In this case uniform distribution of effort is optimal. Not only does it avoid regret, it has a higher expected utility than trying to focus on a few scenarios (\alpha>0). The larger N is, the less likely it is that we focus on the right scenario since we know nothing. The rationality of ignoring irrelevant information is pretty obvious.

Note that if we have to allocate a minimum effort to each investigated scenario we will be forced to effectively increase our \alpha above 0. The above result gives the somewhat optimistic conclusion that the loss of utility compared to an even spread is rather mild: in the uniform case we have a pretty low amount of effort allocated to the winning scenario, so the low chance of being right in the nonuniform case is being balanced by having a slightly higher effort allocation on the selected scenarios. For high \alpha there is a tail of rare big “wins” when we hit the right scenario that drags the expected utility upwards, even though in most realizations we bet on the wrong case. This is very much the hedgehog predictor story: ocasionally they have analysed the scenario that comes about in great detail and get intensely lauded, despite looking at the wrong things most of the time.

We know a bit

We can imagine that knowing more should allow us to gradually interpolate between the different results: the more you know, the more you should focus on the likely scenarios.

Optimal alpha as a function of how much information we have about the true probabilities. N=2.
Optimal alpha as a function of how much information we have about the true probabilities (noise due to Monte Carlo and discrete steps of alpha). N=2 (N=100 looks similar).

If we take the mean of the true probabilities with some randomly drawn probabilities (the “half random” case) the curve looks quite similar to the case where we actually know the probabilities: we get a maximum for \alpha\approx 2. In fact, we can mix in just a bit (\beta) of the true probability and get a fairly good guess where to allocate effort (i.e. we allocate effort as a_i \propto (\beta P_i + (1-\beta)Q_i)^\alpha where Q_i is uncorrelated noise probabilities). The optimal alpha grows roughly linearly with \beta, \alpha_{opt} \approx 4\beta in this case.

We learn

Adding a bit of realism, we can consider a learning process: after allocating some effort \gamma to the different scenarios we get better information about the probabilities, and can now reallocate.
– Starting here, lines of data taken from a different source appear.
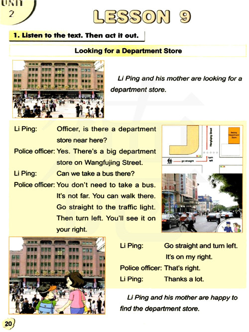 警察,这里附近有百货商场吗?是的。王府井大街上有一间大的百货商场。
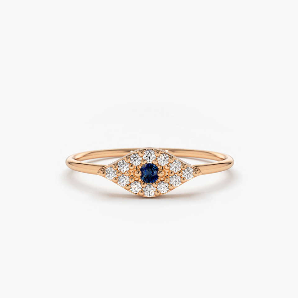 0,18 quilates Peso 14K Oro Diamante y zafiro Anillo diseñado Anillo de diamantes cultivados en laboratorio Que representa el símbolo del espíritu y el despertar
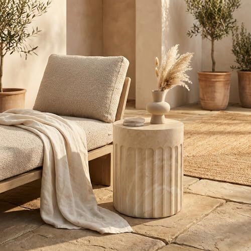 Bullet point: ? Premium Fiberstone Construction - Made from premium fiberstone, this side table combines the strength and texture of stone with a lighter weight, ensuring long-lasting durability for both indoor and outdoor use.
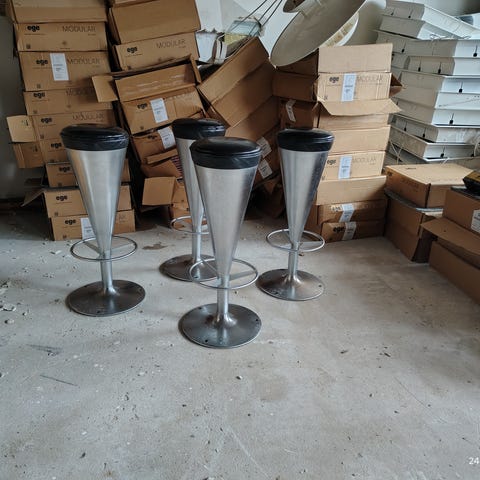 Barstol med sæde lavet af et traktor sæde i sort metal. Stolen har en industrielt inspireret stil og er velegnet til brug ved bar eller højt bord.
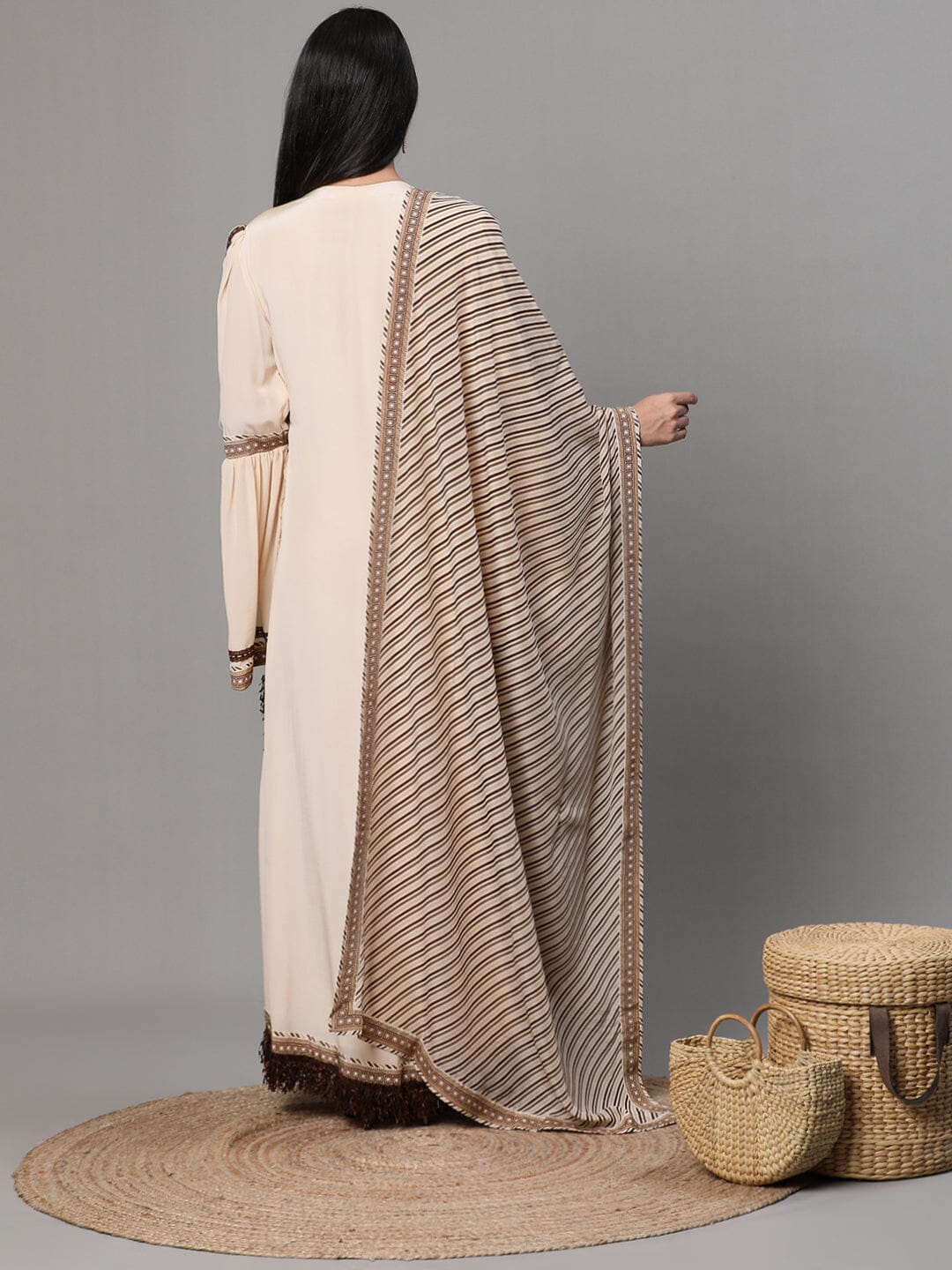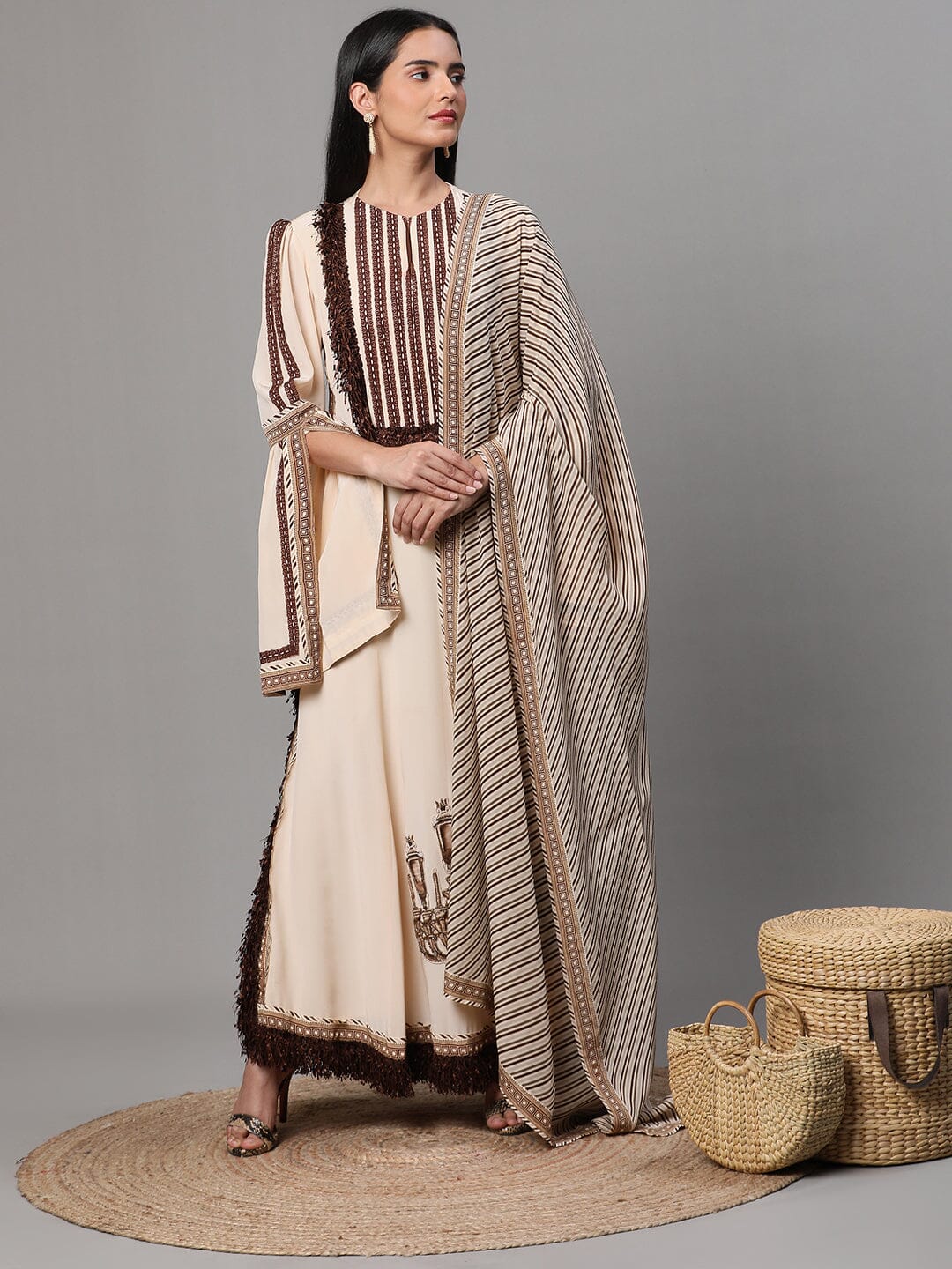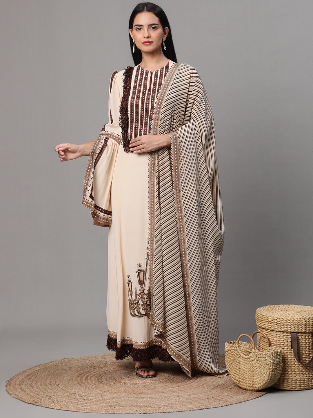 Traje bordado beige con dupatta y pantalón
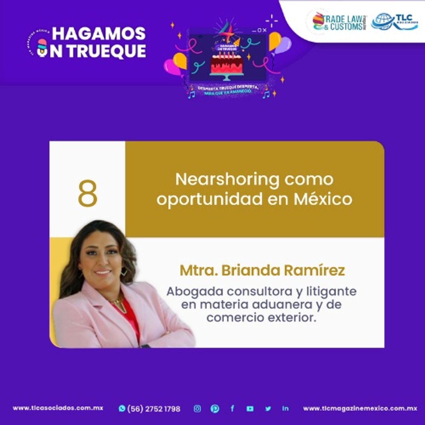 Recuerda ser muy puntual al evento, pues la Mtra. Brianda Ramírez, Abogada consultora y litigante en materia aduanera y de comercio exterior.,nos tiene preparada una imperdible presentación.
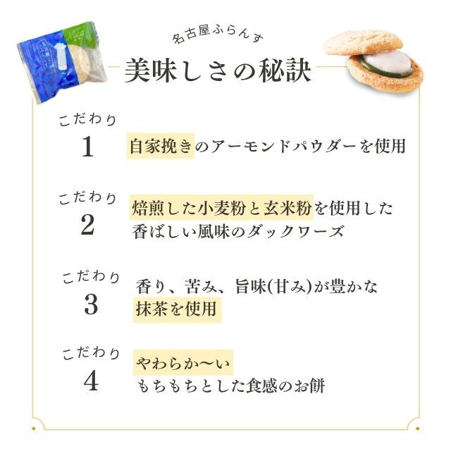 和菓子の代表格「おもち」をフランス生まれのおしゃれな焼菓子「ダックワーズ」でサンドした 軽い食感と、本格的な美味しさが 「名古屋ならでは」と大人気。

A simple model may be that the standard deviation of noise behaves as 1/\sqrt{\tilde{a}_i} where \tilde{a}_i is the effort placed in exploring the probability of scenario i. So if we begin by allocating uniformly we will have noise at reallocation of the order of 1/\sqrt{\gamma/N}. We can set \beta(\gamma)=\sqrt{\gamma/N}/C, where C is some constant denoting how tough it is to get information. Putting this together with the above result we get \alpha_{opt}(\gamma)=\sqrt{2\gamma/NC^2}. After this exploration, now we use the remaining 1-\gamma effort to work on the actual scenarios.

Expected utility as a function of amount of probability-estimating effort (gamma) for C=1 (hard to update probabilities), C=0.1 and C=0.01 (easy to update). N=100.
Expected utility as a function of amount of probability-estimating effort (gamma) for C=1 (hard to update probabilities), C=0.1 and C=0.01 (easy to update). N=100.

This is surprisingly inefficient. The reason is that the expected utility declines as \sqrt{1-\gamma} and the gain is just the utility difference between the uniform case \alpha=0 and optimal \alpha_{opt}, which we know is pretty small. If C is small (i.e. a small amount of effort is enough to figure out the scenario probabilities) there is an optimal nonzero  \gamma. This optimum \gamma decreases as C becomes smaller. If C is large, then the best approach is just to spread efforts evenly.


So, how should we focus? These results suggest that the key issue is knowing how little we know compared to what can be known, and how much effort it would take to know significantly more.

If there is little more that can be discovered about what scenarios are likely, because our state of knowledge is pretty good, the world is very random,  or improving knowledge about what will happen will be costly, then we should roll with it and distribute effort either among likely scenarios (when we know them) or spread efforts widely (when we are in ignorance).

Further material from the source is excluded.